Domande frequenti sugli OKR

  • Ogni dipendente dovrebbe possedere OKR?

➜ Se un dipendente ha un grado di autonomia per decidere su cosa dovrebbe lavorare, dovrebbe possedere OKR. In caso contrario, non dovrebbero possedere OKR individuali ma dovrebbero contribuire agli OKR di squadra. Possono ancora possedere OKR di apprendimento o di autosviluppo.

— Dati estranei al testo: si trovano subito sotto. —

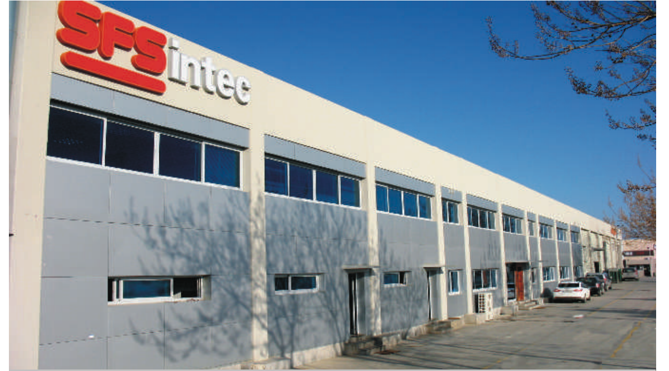
6 bin 200 m 2 kapalı alandan oluşan SFS ek bina inşaatı Aralık 2014'te tamamlanmıştır.

Türkiye'de EN ISO 9001 sertifikası ve Dekpax tescilli markası ile akıllı vida üreten tek firma olan SFS Intec firması yatırımlarına devam ediyor. Torbalıda bulunan mevcut tesislerine ek olarak "Yeni Ek Bina İnşaatı ve Mevcut Binaların Renovasyonu" inşaat işleri Sipil Group yükleniciliğinde gerçekleştirilmektedir.
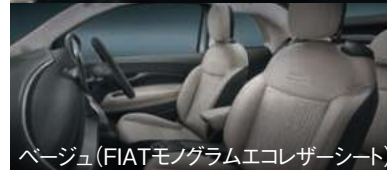
ページュ (FIATモノグラムエコレザーシート)
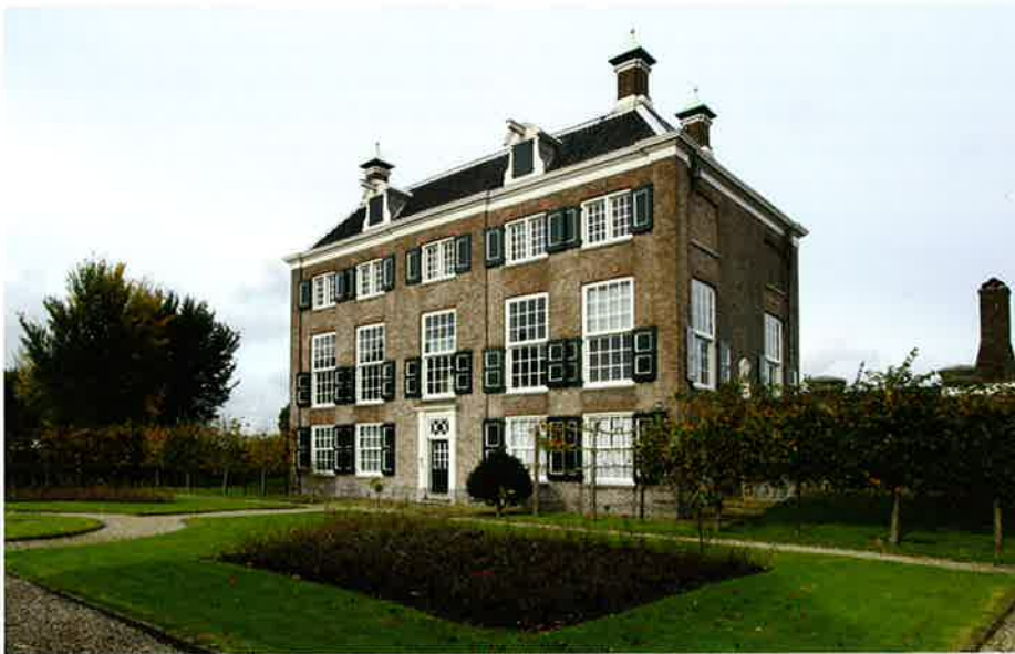
Amsterdam, Diemerzeedijk 27, Gemeenlandshuis.

Het gaat steeds vaker om huizen die door hun interieur of hun structuur zo kwetsbaar zijn, dat zij voor hun historisch verantwoorde instandhouding het best professioneel beheerd kunnen worden. In de drie hiervoor genoemde gevallen hebben de voormalige eigenaren ingezien dat je dat in deze gevallen beter niet aan de markt kunt overlaten.
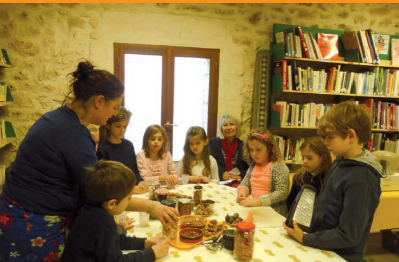
Regards croisés : l'arbre fruitier
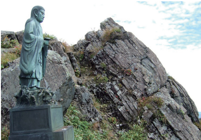
写真3 沖武尊山頂の板状節理の発達した安山岩溶岩と山名の由来となった日本武尊（やまとたけるのみこと）の銅像。

の孤立した山となっています。もともとの火山の原地形に近い場所は、北東の武尊田代付近や西の鹿俣山から玉原にかけて広がる緩斜面くらいではないでしょうか。この山を遠望すると、山頂付近にはほぼ水平な層が見えますが、こ

  • Come monitorare e valutare gli OKR?

➜ Gli obiettivi possono essere tracciati contrassegnandoli come — “In pista”, “Dietro” o “A rischio”. I risultati chiave possono essere contrassegnati come “Completi/Incompleti”, “Sì/No” o come percentuale di completamento. Alla fine del trimestre, dovresti riflettere sull’obiettivo generale e segnarlo.

  • Possiamo avere OKR sia annuali che trimestrali?

➜ Sì, puoi. Se disponi di OKR sia annuali che trimestrali, alcuni dei tuoi KR dell’obiettivo annuale potrebbero diventare OKR trimestrali. Oppure potresti avere 1-2 OKR annuali incentrati su priorità a lungo termine e indipendenti dagli OKR trimestrali. John Doerr, autore del libro “Measure What Matters”, afferma: “La migliore cadenza OKR è quella che si adatta al contesto e alla cultura della tua attività”.

  • Possiamo avere solo OKR annuali?

➜ In genere si consiglia di disporre di OKR trimestrali per mantenere l’attenzione sull’esecuzione, sul progresso continuo e sul feedback. Anche se disponi di OKR annuali, dovresti avere un punteggio obbligatorio dei tuoi OKR annuali ogni trimestre.